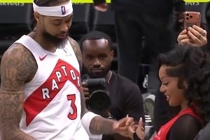 賽后,英格拉姆在場(chǎng)邊和歌手女友格洛麗亞在場(chǎng)邊秀恩愛(ài)。
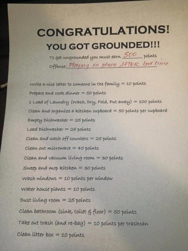 Žena pověsila na lednici kartu informující děti, že dostali bariéru. Získání 500 bodů bylo jedinou možností, jak trest zrušit. Nebyl to však jednoduchý úkol. Zde můžete získat body:
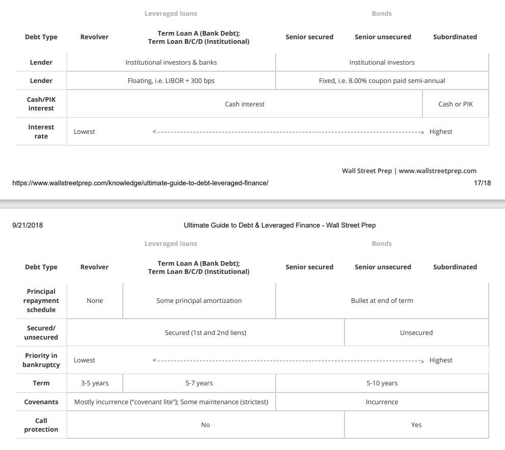 Tell me about all the different kinds of debt you could use in an LBO and the
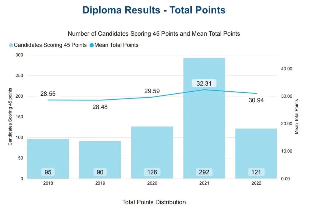 其实就是23年的大考难度将回到19年疫情前的水平,按现在的成绩看,2023年IBDP通过率、均分、高分比例等仍将继续走低,考试难度会更高,评估方式也会更加严格,拿到文凭也更难。
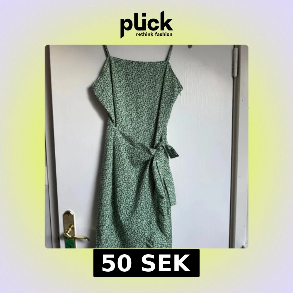 Söt grön klänning med små vita blommor, smala axelband och omlottknytning i midjan. Lätt och flowy modell som ger en avslappnad vibe, perfekt för varma dagar. Klänningen har en feminin siluett och är knälång.
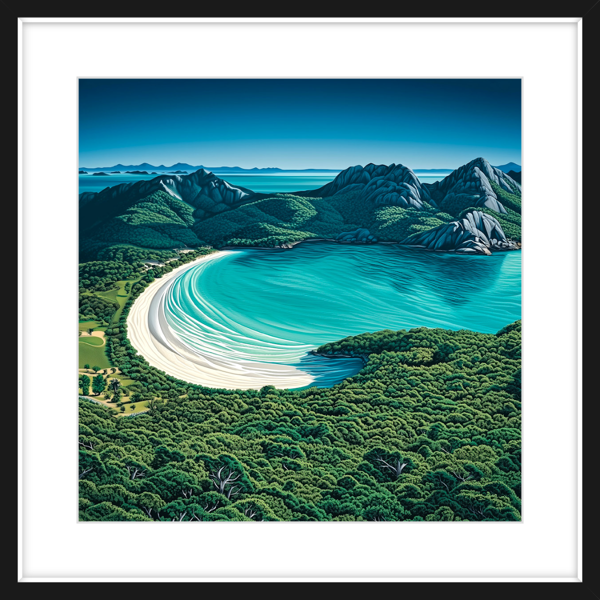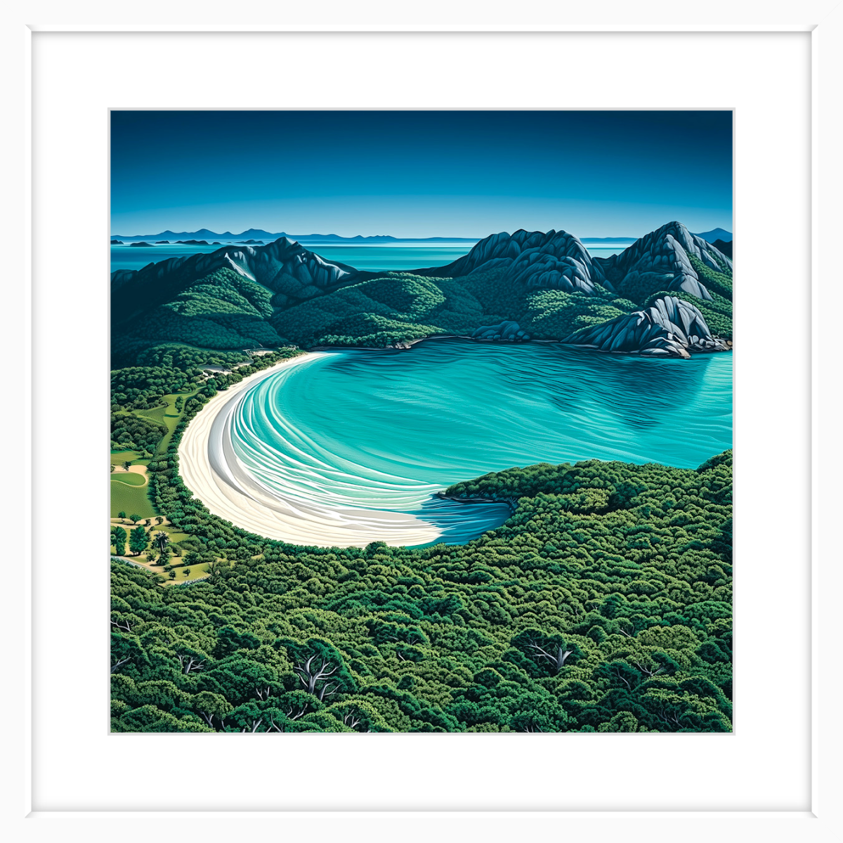 This art print of Wineglass Bay is available as 400x400mm art print, 600x600mm art print and 800x800mm art print.
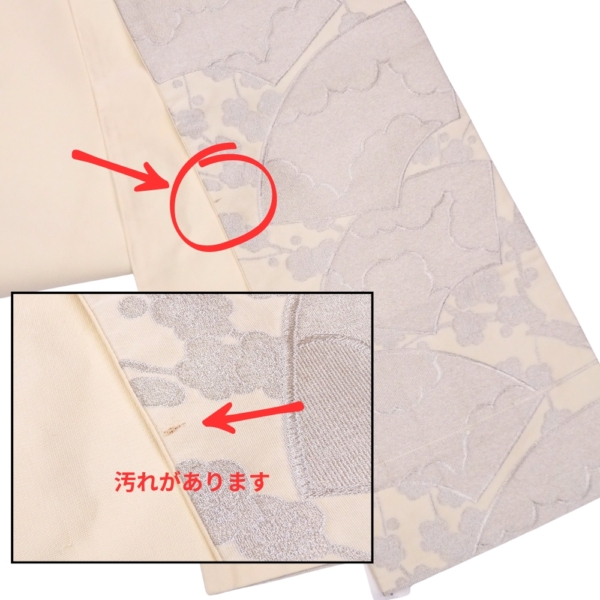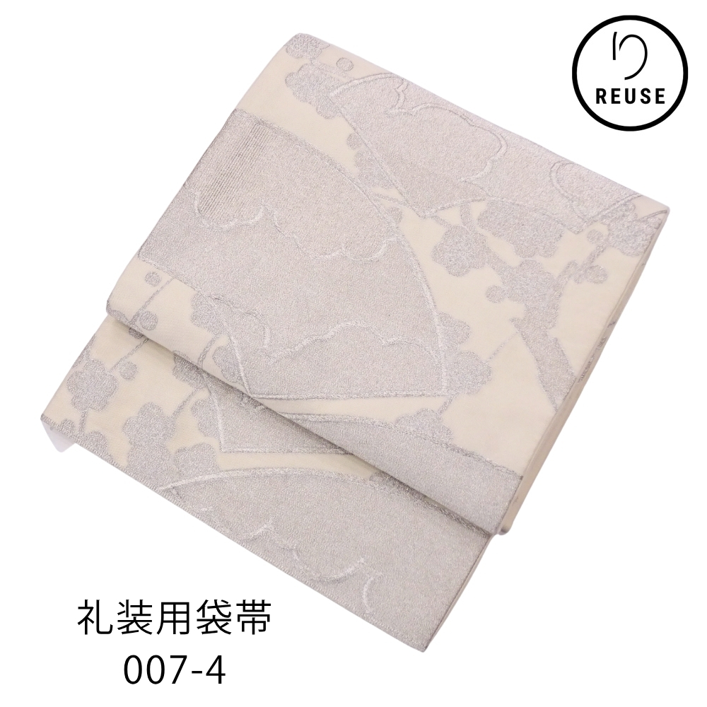 礼装用袋帯 正絹 リユース 中古 白地 銀糸織り 扇面に梅 007-4K(8050-00316)
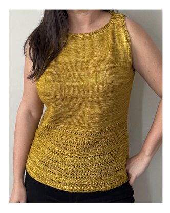 Top is knit from the bottom up. First, you’ll cast on sts and work the lace part in the round. The work is then divided, and the front and back stockinette portions are worked flat then seamed at the sides and shoulders.
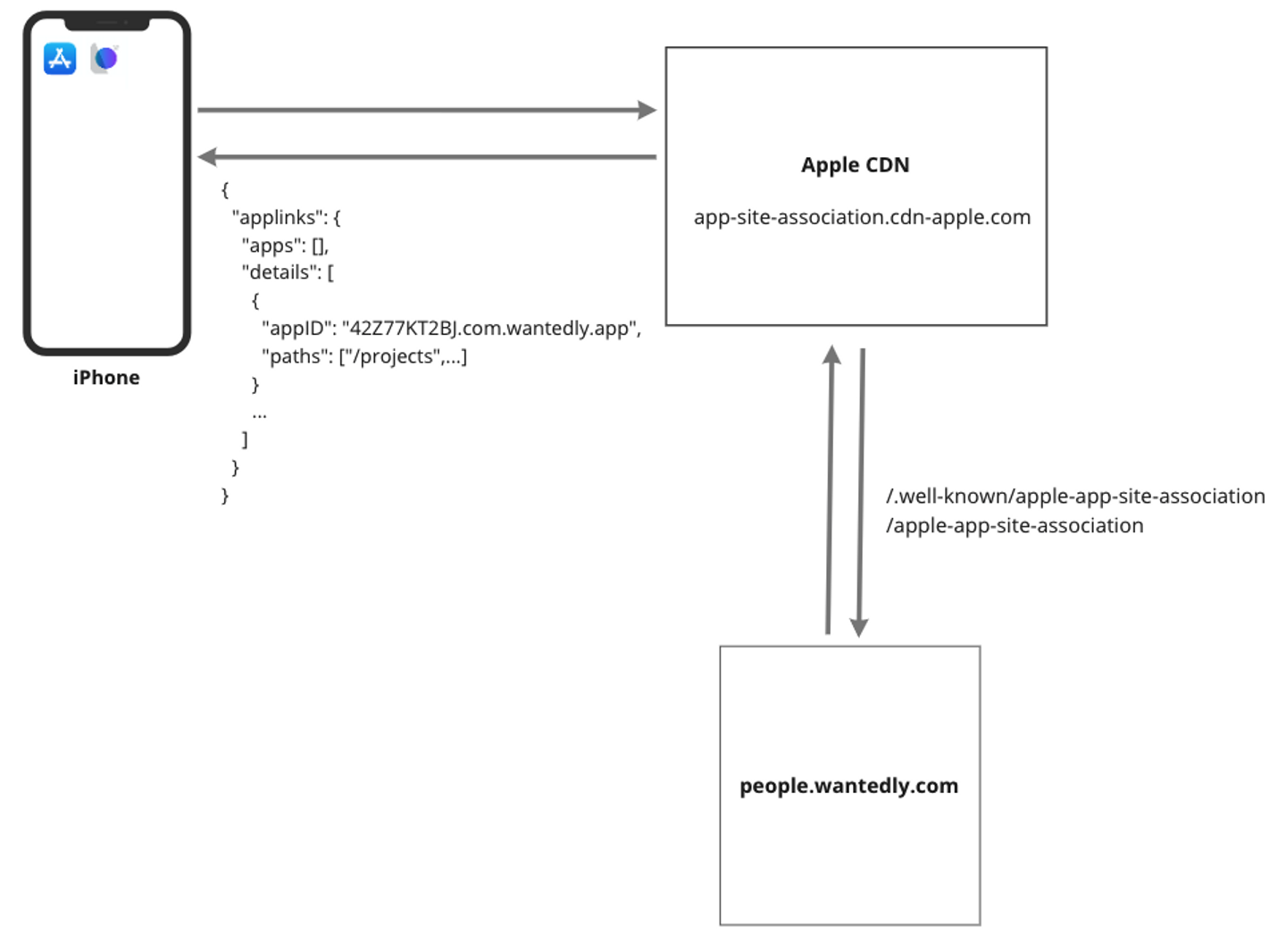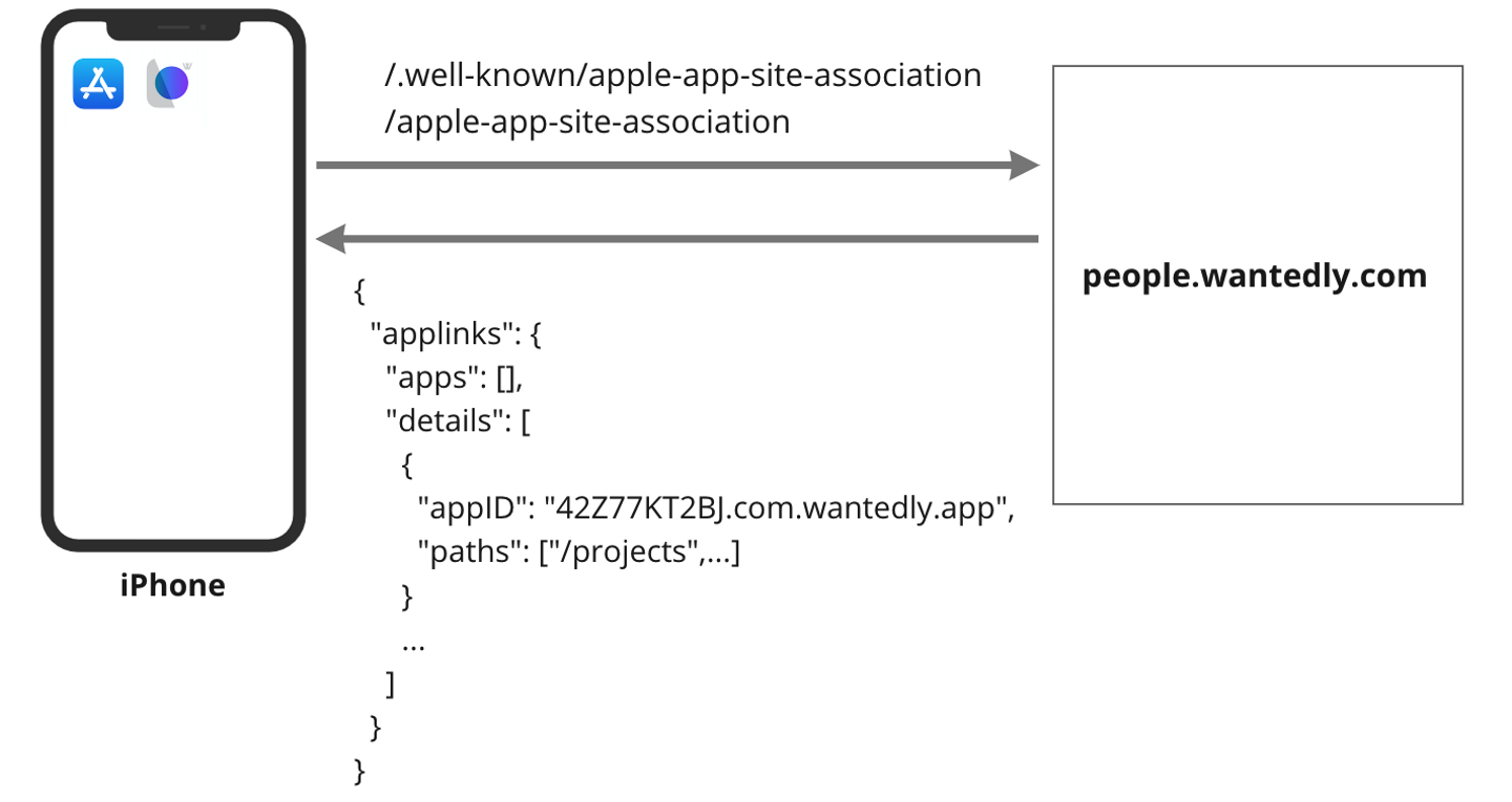 今までの Universal Links では解決したいURLのドメイン (例えば https://wantedly.com) の /.well-known/apple-app-site-association あるいは /apple-app-site-association にリクエストしていたはずです。一体何が変わったのでしょう?
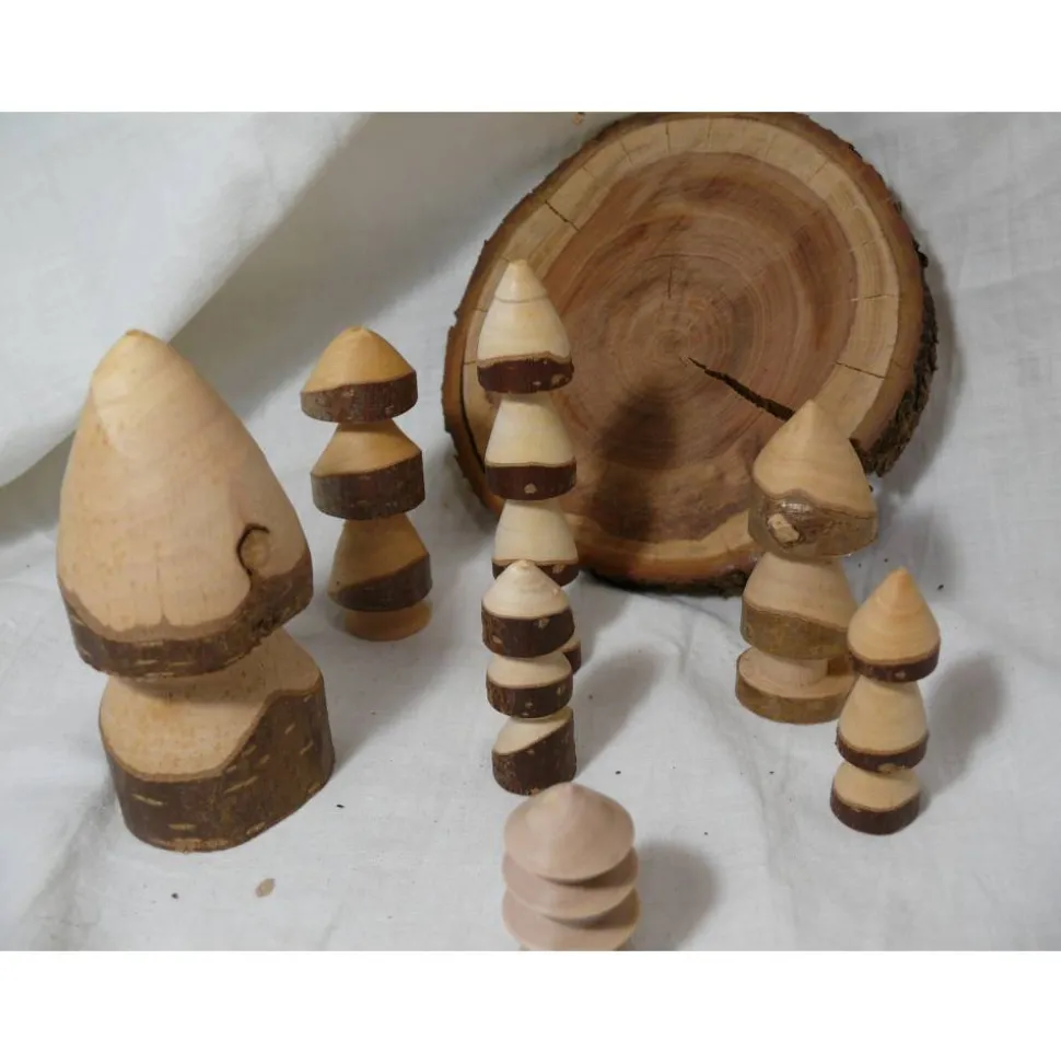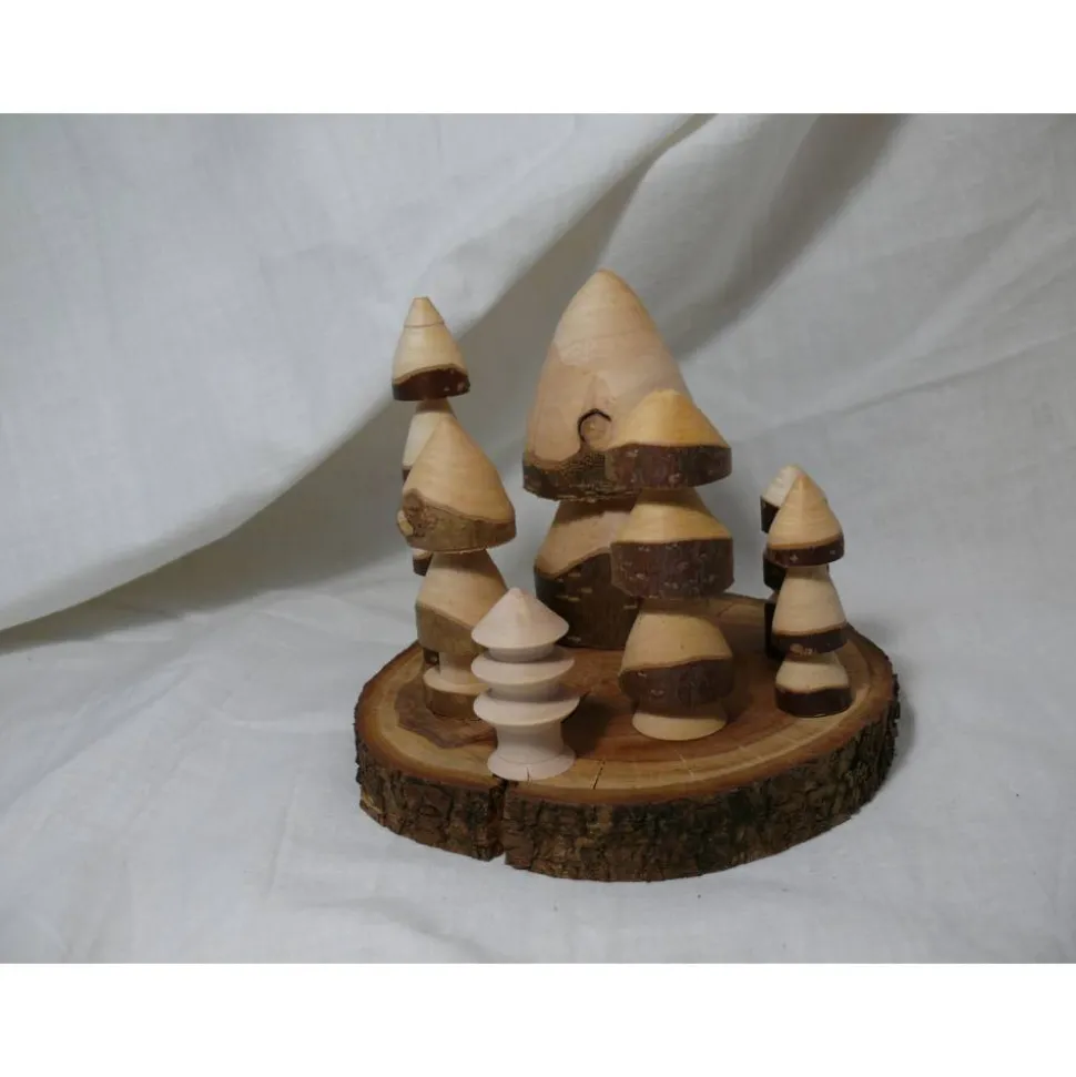 Bestehend aus 7 Bäumchen und einer Scheibe aus Zwetschgenholz.
***
Exercise requirements> Using the material above, reproduce only the lines that run from the line with "Žena pověsila na" up to and including the line with "今までの Universal Links", exactly, with the pictures dropped.

Written response>
 Žena pověsila na lednici kartu informující děti, že dostali bariéru. Získání 500 bodů bylo jedinou možností, jak trest zrušit. Nebyl to však jednoduchý úkol. Zde můžete získat body:
 Tell me about all the different kinds of debt you could use in an LBO and the
 其实就是23年的大考难度将回到19年疫情前的水平,按现在的成绩看,2023年IBDP通过率、均分、高分比例等仍将继续走低,考试难度会更高,评估方式也会更加严格,拿到文凭也更难。
 Söt grön klänning med små vita blommor, smala axelband och omlottknytning i midjan. Lätt och flowy modell som ger en avslappnad vibe, perfekt för varma dagar. Klänningen har en feminin siluett och är knälång.
 This art print of Wineglass Bay is available as 400x400mm art print, 600x600mm art print and 800x800mm art print.
 礼装用袋帯 正絹 リユース 中古 白地 銀糸織り 扇面に梅 007-4K(8050-00316)
 Top is knit from the bottom up. First, you’ll cast on sts and work the lace part in the round. The work is then divided, and the front and back stockinette portions are worked flat then seamed at the sides and shoulders.
 今までの Universal Links では解決したいURLのドメイン (例えば https://wantedly.com) の /.well-known/apple-app-site-association あるいは /apple-app-site-association にリクエストしていたはずです。一体何が変わったのでしょう?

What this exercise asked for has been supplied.